Project description:The last few years have seen important progress in demonstrating the efficacy of oral pre-exposure prophylaxis, vaginal microbicides, and treatment as prevention as effective strategies for reducing the risk of acquiring or transmitting HIV infection. There has also been significant progress in the development of rectal microbicides. Preclinical non-human primate studies have demonstrated that antiretroviral microbicides can provide significant protection from rectal challenge with SIV or SHIV. Recent Phase 1 rectal microbicide studies have characterized the safety, acceptability, compartmental pharmacokinetics (PK), and pharmacodynamics (PD) of both UC781 and tenofovir gels.

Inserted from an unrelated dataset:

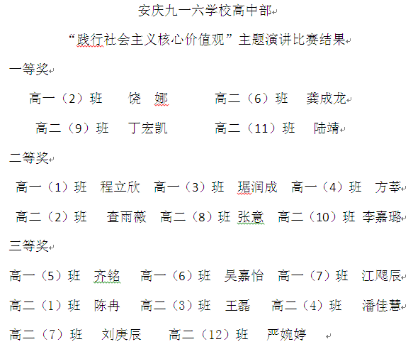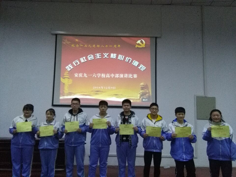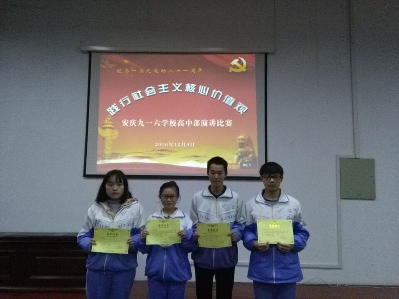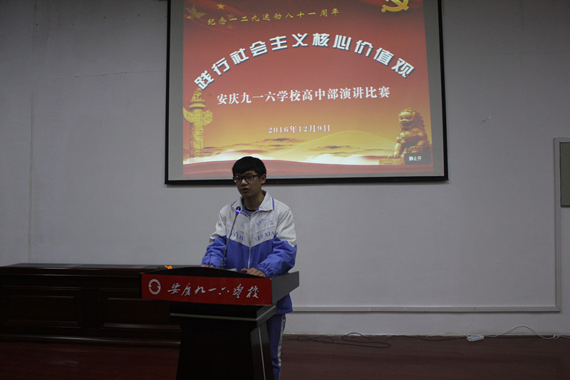 为纪念“一二·九运动”81周年,积极参与文明城市创建工作, 引导学生培育和践行社会主义核心价值观, 提高学生思想道德素质,丰富校园文化生活内涵。12月9日晚,我校高中部在行政楼二楼阶梯教室举办“践行社会主义核心价值观”主题演讲比赛。

The tenofovir gel formulation used in vaginal studies was not well tolerated in the rectum and newer rectal-specific formulations have been developed and evaluated in Phase 1 studies. The PK/PD data generated in these Phase 1 studies may reduce the risk of advancing ineffective candidate rectal microbicides into late stage development. Tenofovir gel is currently poised to move into Phase 2 evaluation and it is possible that a Phase 2B/3 effectiveness study with this product could be initiated in the next 2-3 years.